Goal of the exercise: For the listing below, the answer is an exact retyping of the lines from the one with "根據(jù)該公司的實際情況" through the one with "금오공대 학생들로 구성된", both included, without pictures.

Dataset extract:
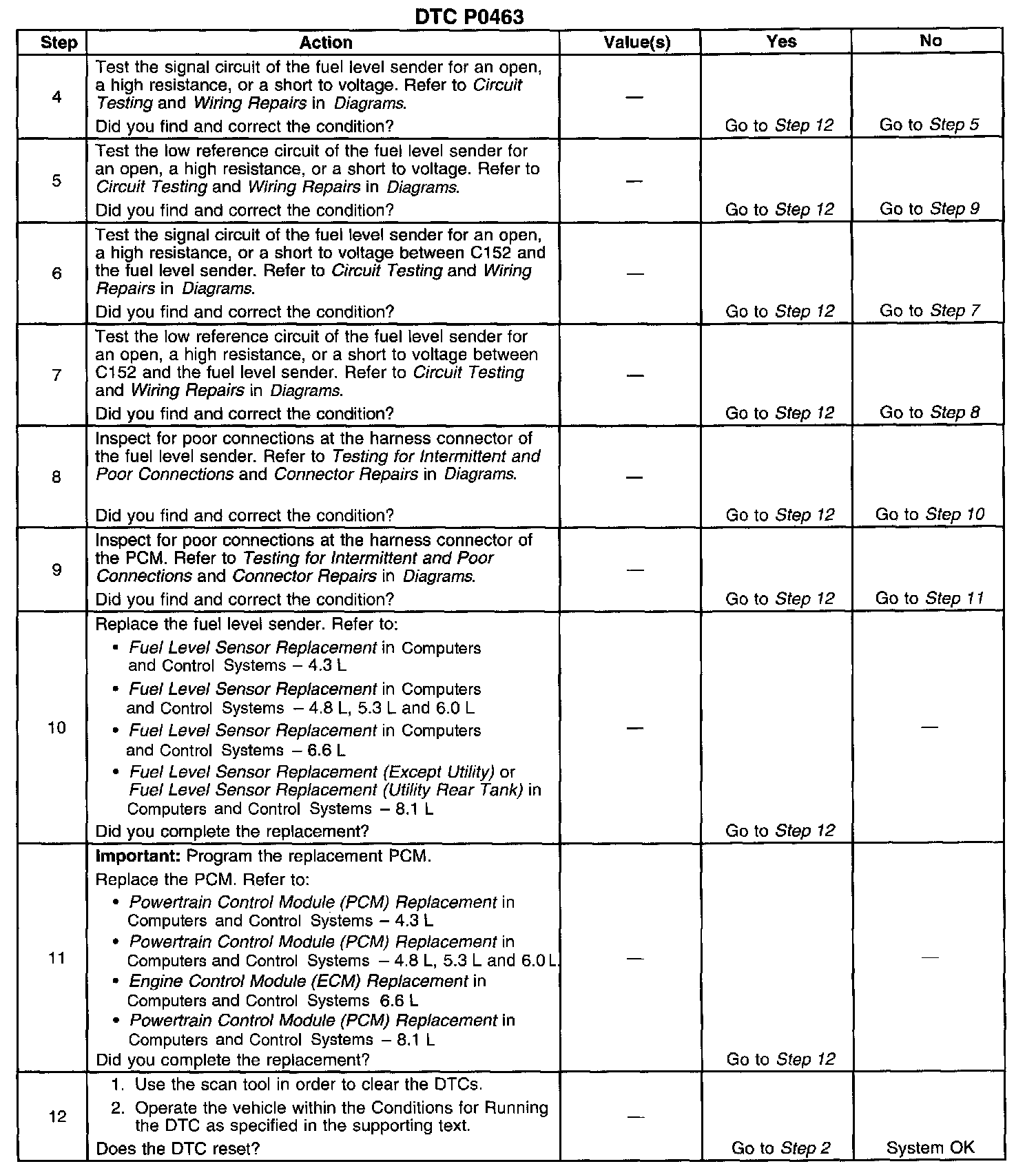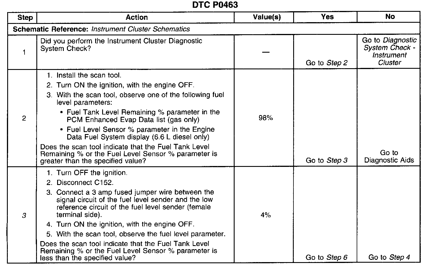 CIRCUIT DESCRIPTIONThe fuel level sender changes resistance based on fuel level. The PCM monitors the signal circuit of the fuel level sender in order to determine fuel level. When the fuel tank is full, the sender resistance is high and the PCM senses a high signal voltage. When the fuel tank is empty, the sender resistance is low and the PCM senses a low signal voltage. The PCM uses the signal circuit of the fuel level sender in order to calculate the total remaining fuel %) in the tank. The PCM sends the fuel level percent via the class 2 serial data circuit to the instrument cluster in order to control the fuel gauge. The fuel level information is also used for misfire and EVAP diagnostics.
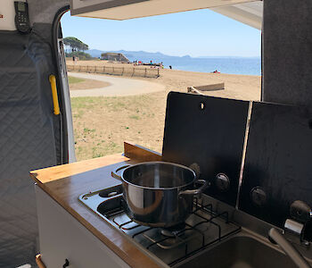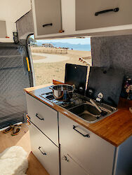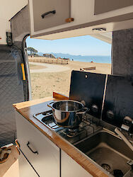 Die Küchenzeile besteht aus einer Arbeitsfläche mit Spüle und festem Gaskocher. Die Arbeitsfläche lässt sich ganz einfach erweitern. Die Kühltruhe befindet sich direkt unter der Küchenzeile. Und weil Du im Sommer bestimmt die Zeit lieber draußen verbringen möchtest, gibt es noch einen mobilen Gaskocher mit dem Du sogar im Freien kochen kannst. Besteck und Geschirr sind inklusive.
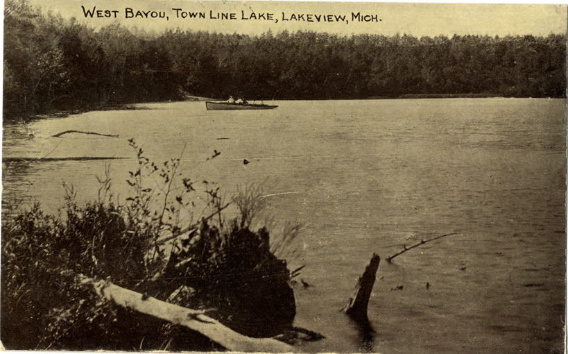 View of a rowboat on West Bayou at Town Line Lake in Lakeview, Michigan. Printed on front: "West Bayou, Town Line Lake, Lakeview, Mich." Printed on back: "Pub. by C.W. Vining, Lakeview, Mich. Series 173." Handwritten on back: "Sep 12. Dear Lila, We are going up to our farm Tue. to put up grain will be gone a wk our neighbor & wife are going the same ones that went when we bought it. We probably will go up home while there its only 7 1/2 mi from there 12 mi nearer than we are now. We have been invited to go to Greenville tomorrow for auto ride. Lottie."
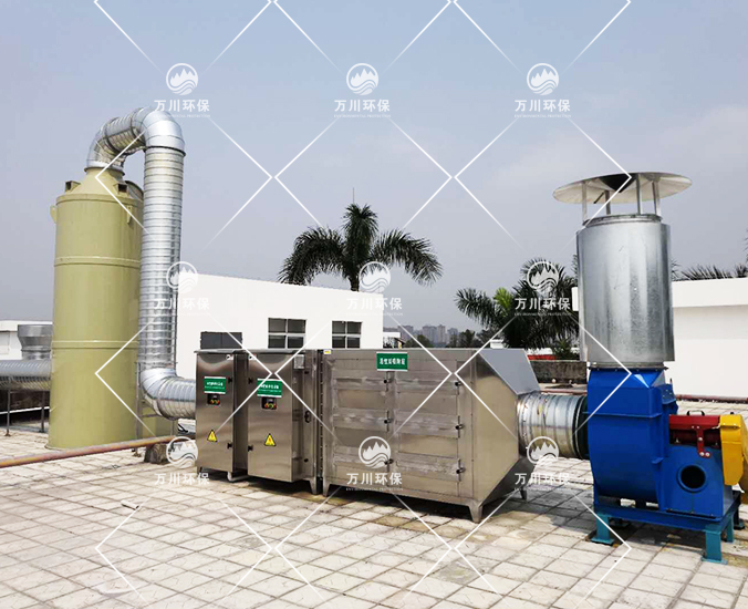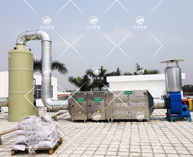 根據(jù)該公司的實際情況,白碳黑粉塵有易爆以及可回收再次利用的特點,我們采用‘UV光解+活性炭吸附+噴淋塔’進行處理。
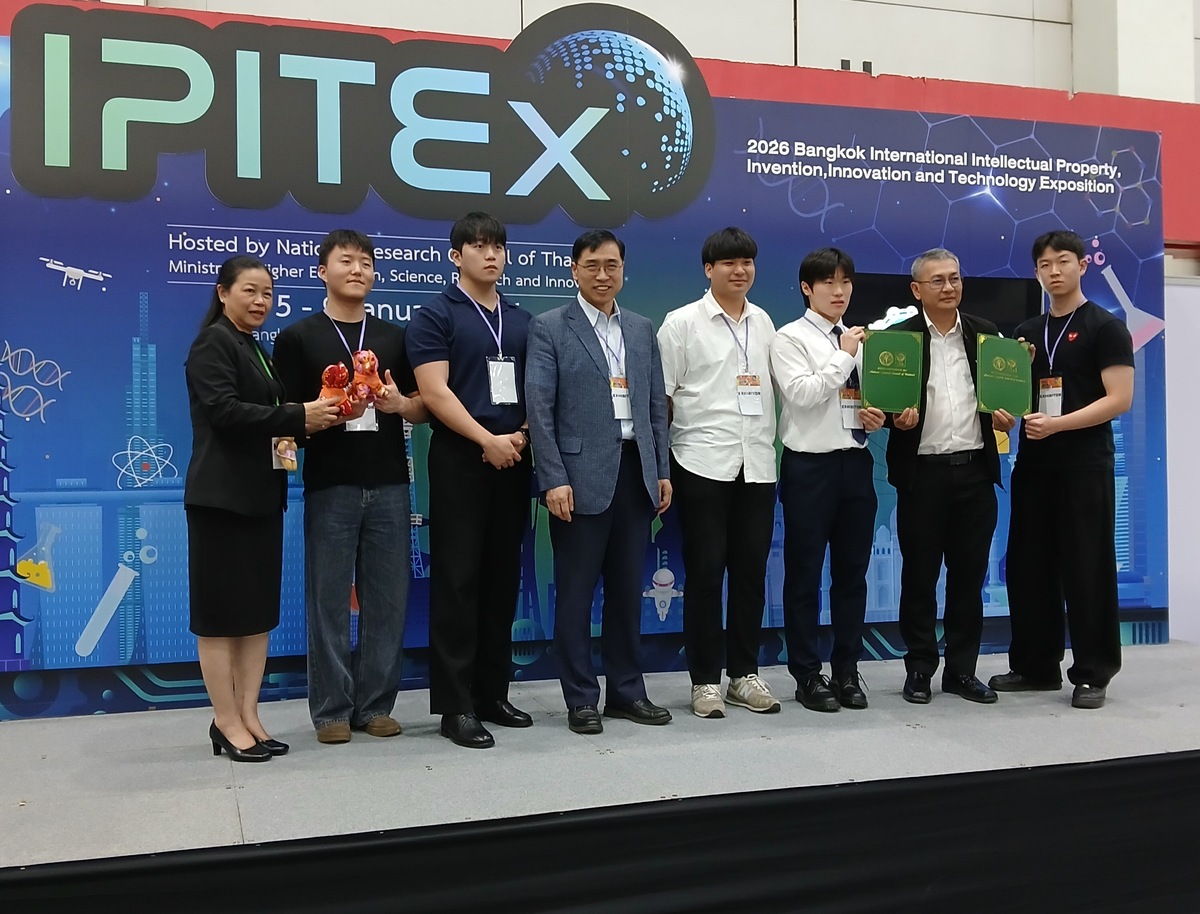 금오공대 학생들로 구성된 2개 팀이 ‘2026 태국 방콕 지식재산·발명·혁신·기술 전시회(IPITEx 2026)’에서 모두 ‘금상’을 수상했다.
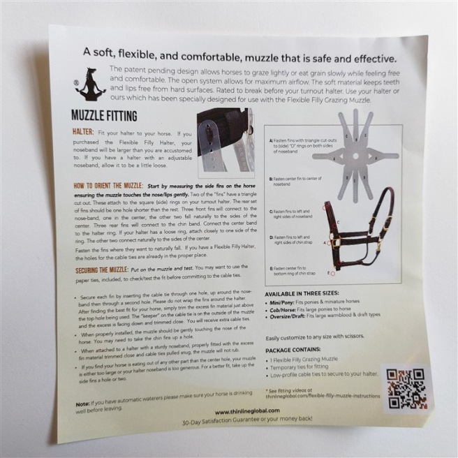 Le panier anti-fourbure ThinLine® permet de limiter l'ingestion d'herbe pour les chevaux et poneys en prairie ayant une tendance à l'obésité. Il est souple, léger et confortable, ce qui permet de gêner le cheval le moins possible. Ce panier est bien supporté par la majorité des chevaux. Par sa transparence, il permet également un effet visuel plus doux, tant pour les cavaliers que pour les autres chevaux. Il permet au cheval de continuer à exprimer ses comportements naturels. Par ailleurs il permet au cheval de boire dans la majorité des abreuvoirs sans se coincer. Il est également très sécuritaire puisque tant les serflex ThinLine® qui le maintiennent que le licol ThinLine® sont prévus pour céder si le cheval reste accroché quelque part.

Result below:
 根據(jù)該公司的實際情況,白碳黑粉塵有易爆以及可回收再次利用的特點,我們采用‘UV光解+活性炭吸附+噴淋塔’進行處理。
 금오공대 학생들로 구성된 2개 팀이 ‘2026 태국 방콕 지식재산·발명·혁신·기술 전시회(IPITEx 2026)’에서 모두 ‘금상’을 수상했다.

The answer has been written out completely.